Scrapy getting started Tutorial: Explain /~ Gohlke/pythonlibs/scrapy framework depends on twistid and needs to be downloaded from the above website and placed under scrips ;?? PIP install c: \ Python \ anaconda3 \ Twisted-18.7.0-cp36-cp36m-win_amd64.whl ?? PIP install scrapy 2. Create scrapy project 1. because pychram does not have an integrated environment, you need to execute the command to create it. After execution, use pychram to select a new window to open ;?????????? Scrapy startproject projectname 2. Create a crawler file and execute the following command: command section ?????????????????? File Name crawling get the scrapy genspider Baidu. comscrapy genspider-T crawl Baidu Baidu.com 3 configuration file modification: settings. py file

USER_AGENT = ‘Mozilla/5.0 (Windows NT 10.0; WOW64) AppleWebKit/537.36 (KHTML, like Gecko) Chrome/61.0.3163.79 Safari/537.36 Maxthon/5.2.3.6000‘

# Obey robots.txt rules
ROBOTSTXT_OBEY = False

DOWNLOAD_DELAY = 3

ITEM_PIPELINES = {
   ‘xiaoshuo_pc.pipelines.XiaoshuoPcPipeline‘: 300,
}

4. Run the scrapy crawl name (variable value) scrapy crawl name-o book. JSON (output to file {JSON, XML, CSV}) scrapy crawl name-o book. JSON-t json (-T indicates the format output, which is generally ignored)

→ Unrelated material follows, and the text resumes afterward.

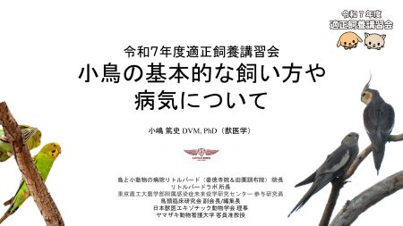 犬や猫に比べ、小鳥は飼い方や病気に関する情報はまだまだ少ない状況です。小鳥を飼っている方やこれから飼おうと考えている方などに向け、基本的な知識や健康管理の方法、飼育にあたっての注意点などについて、鳥と小動物の病院リトルバード院長の小嶋先生がお話します。

** During the first running, I encountered the no module named WIN32API error. This is because Python does not have a library to access the Windows system API and needs to download a third-party library. Library name is pywin32, can be directly downloaded from the Internet, download link: http://sourceforge.net/projects/pywin32/files%2Fpywin32/ (download for your Python version) download and placed to the scripts directory under the dual machine run, (or PIP install pypiwin32 ))

Iii. Sample Code for novel acquisition:Create the entry execution file main. py

From scrapy. cmdline import Execute
Execute ("scrapy crawl zol". Split () # zol is the name of the variable defined in the zol File

Class shiqikspider (scrapy. Spider ):
Name = 'shiqik'
Allowed_domains = ['17k. com']
Start_urls = ['https: // www.81zw. US/book/1379/6970209 .html ']

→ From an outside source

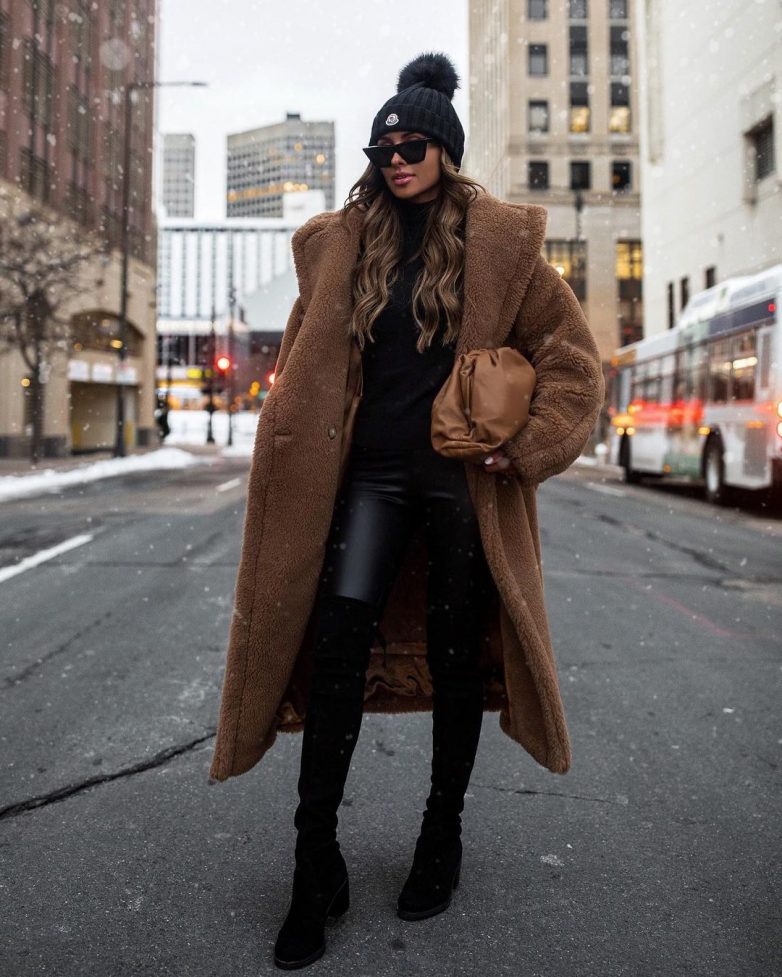 Ботфорты на низком ходу можно носить с укороченной курткой любого фасона, от косухи до плюшевого жакета. Каблуки в этом случае более капризны и подойдут не ко всем моделям – образ может уйти в вульгарность. Лучше всего будут смотреться классические авиаторы-дубленки, бомберы oversize и объемные пуховики. Цветовая гамма должна быть неяркой, чтобы смягчить дерзость сочетания.

Def parse (self, response ):
Title = response. XPath ('// Div [@ class = "bookname"]/H1/text ()'). extract_first ()
Content = ''. join (response. XPath ('// Div [@ ID = "content"]/text ()'). extract ()). replace ('', '\ n ')
Yield {"title": title, "content": Content}
Next_page = response. XPath ('// Div [@ class = "bottem2"]/A [3]/@ href'). extract_first ()
If next_page.find (". html ")! =-1:
Print ("continue to next URL ")
New_url = response. urljoin (next_page)
Yield scrapy. Request (new_url, callback = self. parse, dont_filter = true)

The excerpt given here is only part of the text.